(DATA RECORDS begins)

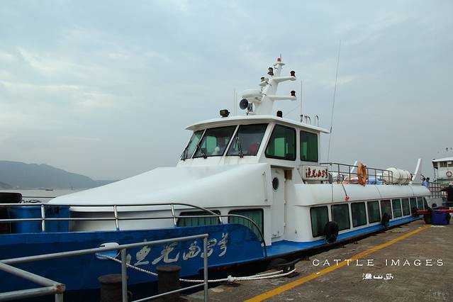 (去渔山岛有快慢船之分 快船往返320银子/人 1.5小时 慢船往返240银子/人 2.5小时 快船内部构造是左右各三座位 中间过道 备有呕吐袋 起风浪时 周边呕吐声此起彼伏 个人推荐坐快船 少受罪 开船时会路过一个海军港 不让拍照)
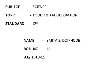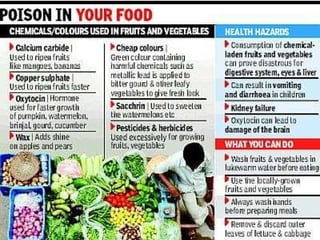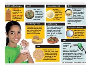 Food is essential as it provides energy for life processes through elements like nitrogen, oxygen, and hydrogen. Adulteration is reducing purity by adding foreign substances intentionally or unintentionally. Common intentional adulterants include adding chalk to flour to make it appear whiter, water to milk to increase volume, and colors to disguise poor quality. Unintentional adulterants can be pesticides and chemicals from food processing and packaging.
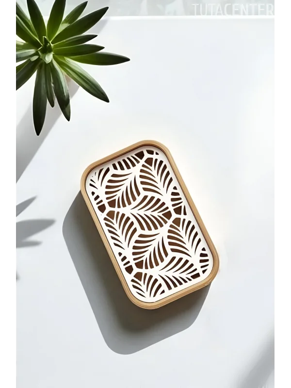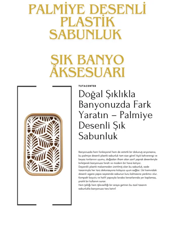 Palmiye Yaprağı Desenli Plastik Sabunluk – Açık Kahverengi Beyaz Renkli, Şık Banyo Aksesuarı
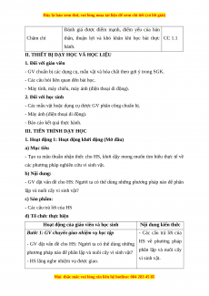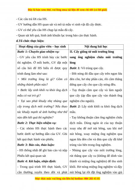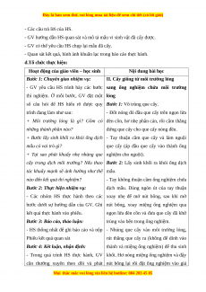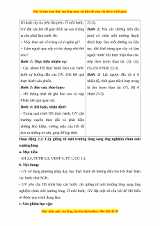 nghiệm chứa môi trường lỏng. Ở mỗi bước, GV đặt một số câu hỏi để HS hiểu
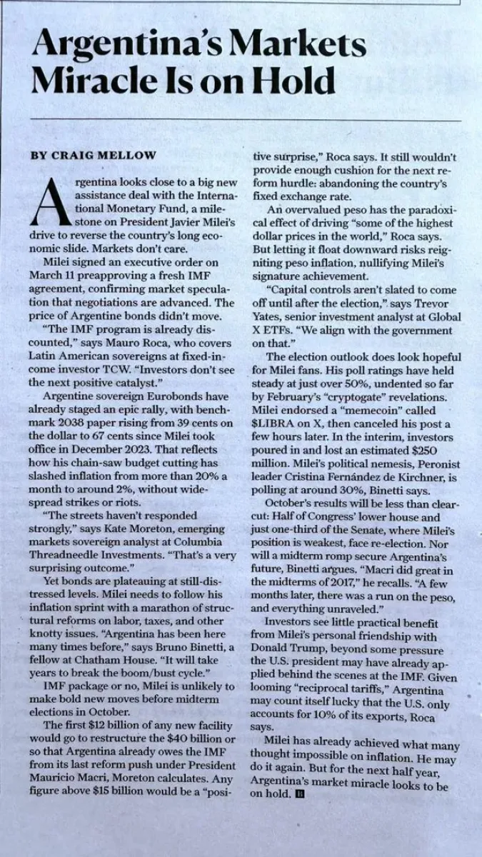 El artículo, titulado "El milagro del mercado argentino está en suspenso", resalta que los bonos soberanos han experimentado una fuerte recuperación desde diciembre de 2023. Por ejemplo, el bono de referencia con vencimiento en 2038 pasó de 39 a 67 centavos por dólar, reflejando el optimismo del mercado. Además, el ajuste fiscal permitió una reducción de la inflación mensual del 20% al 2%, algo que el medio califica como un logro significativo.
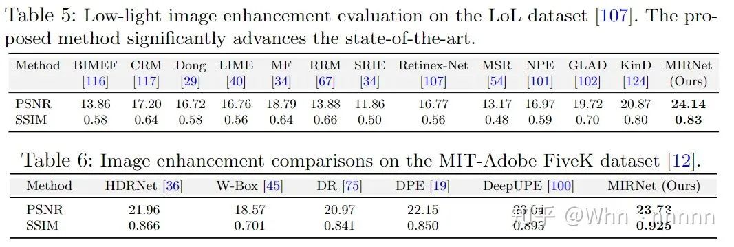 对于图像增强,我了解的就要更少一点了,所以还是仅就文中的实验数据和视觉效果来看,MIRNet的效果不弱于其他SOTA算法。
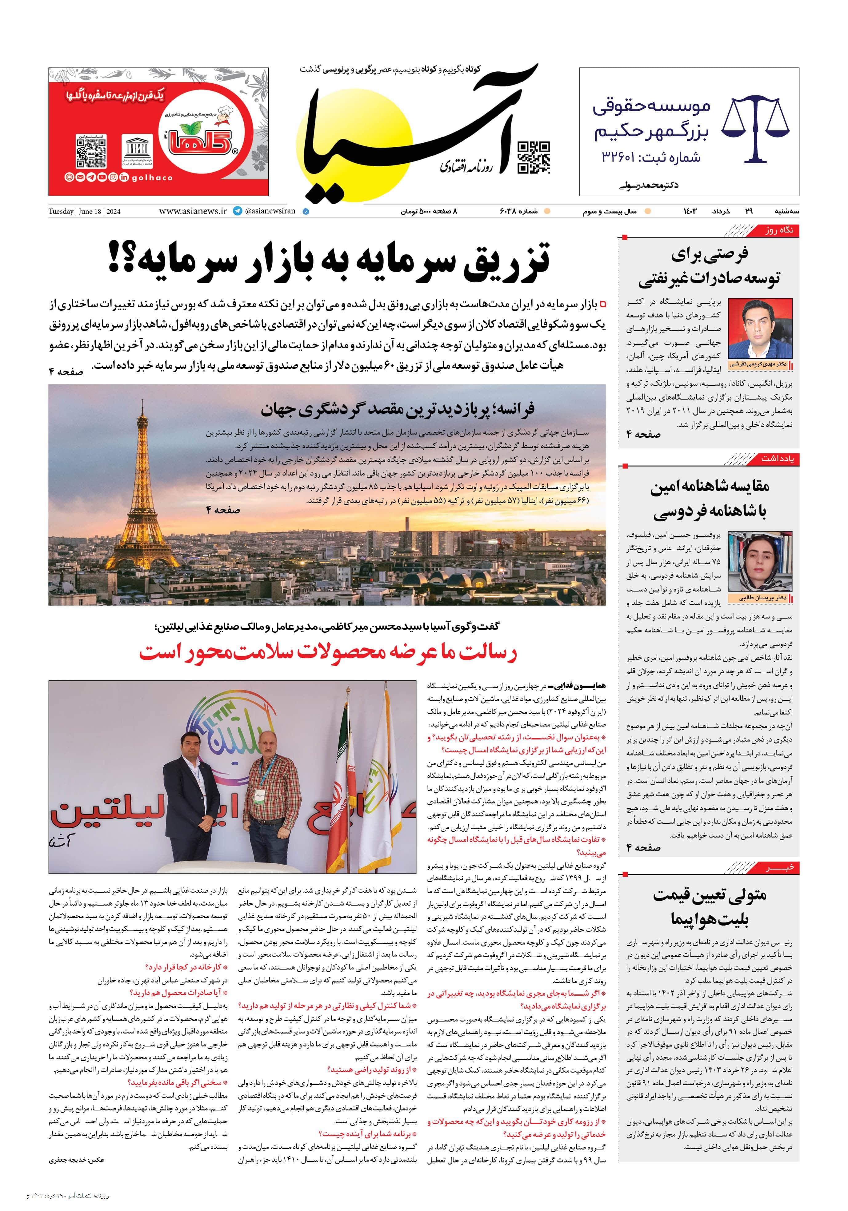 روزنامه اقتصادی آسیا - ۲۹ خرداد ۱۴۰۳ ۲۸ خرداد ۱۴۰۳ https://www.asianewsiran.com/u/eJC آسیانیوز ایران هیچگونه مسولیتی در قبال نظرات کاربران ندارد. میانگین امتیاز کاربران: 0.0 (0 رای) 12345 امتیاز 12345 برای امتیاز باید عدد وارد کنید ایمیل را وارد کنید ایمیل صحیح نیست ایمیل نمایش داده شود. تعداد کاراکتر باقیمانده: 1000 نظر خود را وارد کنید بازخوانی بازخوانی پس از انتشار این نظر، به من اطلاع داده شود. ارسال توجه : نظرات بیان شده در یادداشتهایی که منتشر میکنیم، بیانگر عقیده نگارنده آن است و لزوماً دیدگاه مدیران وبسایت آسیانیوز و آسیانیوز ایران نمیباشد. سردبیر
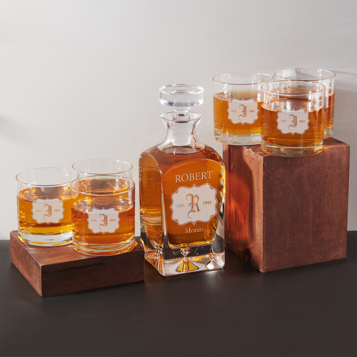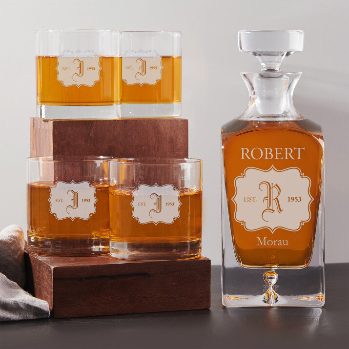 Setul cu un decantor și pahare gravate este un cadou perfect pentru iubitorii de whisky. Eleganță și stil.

(DATA RECORDS ends)

TASK DIRECTIONS:
Skip the images and set down the rest of the data unchanged.

ANSWER AREA:
 (去渔山岛有快慢船之分 快船往返320银子/人 1.5小时 慢船往返240银子/人 2.5小时 快船内部构造是左右各三座位 中间过道 备有呕吐袋 起风浪时 周边呕吐声此起彼伏 个人推荐坐快船 少受罪 开船时会路过一个海军港 不让拍照)
 Food is essential as it provides energy for life processes through elements like nitrogen, oxygen, and hydrogen. Adulteration is reducing purity by adding foreign substances intentionally or unintentionally. Common intentional adulterants include adding chalk to flour to make it appear whiter, water to milk to increase volume, and colors to disguise poor quality. Unintentional adulterants can be pesticides and chemicals from food processing and packaging.
 Palmiye Yaprağı Desenli Plastik Sabunluk – Açık Kahverengi Beyaz Renkli, Şık Banyo Aksesuarı
 nghiệm chứa môi trường lỏng. Ở mỗi bước, GV đặt một số câu hỏi để HS hiểu
 El artículo, titulado "El milagro del mercado argentino está en suspenso", resalta que los bonos soberanos han experimentado una fuerte recuperación desde diciembre de 2023. Por ejemplo, el bono de referencia con vencimiento en 2038 pasó de 39 a 67 centavos por dólar, reflejando el optimismo del mercado. Además, el ajuste fiscal permitió una reducción de la inflación mensual del 20% al 2%, algo que el medio califica como un logro significativo.
 对于图像增强,我了解的就要更少一点了,所以还是仅就文中的实验数据和视觉效果来看,MIRNet的效果不弱于其他SOTA算法。
 روزنامه اقتصادی آسیا - ۲۹ خرداد ۱۴۰۳ ۲۸ خرداد ۱۴۰۳ https://www.asianewsiran.com/u/eJC آسیانیوز ایران هیچگونه مسولیتی در قبال نظرات کاربران ندارد. میانگین امتیاز کاربران: 0.0 (0 رای) 12345 امتیاز 12345 برای امتیاز باید عدد وارد کنید ایمیل را وارد کنید ایمیل صحیح نیست ایمیل نمایش داده شود. تعداد کاراکتر باقیمانده: 1000 نظر خود را وارد کنید بازخوانی بازخوانی پس از انتشار این نظر، به من اطلاع داده شود. ارسال توجه : نظرات بیان شده در یادداشتهایی که منتشر میکنیم، بیانگر عقیده نگارنده آن است و لزوماً دیدگاه مدیران وبسایت آسیانیوز و آسیانیوز ایران نمیباشد. سردبیر
 Setul cu un decantor și pahare gravate este un cadou perfect pentru iubitorii de whisky. Eleganță și stil.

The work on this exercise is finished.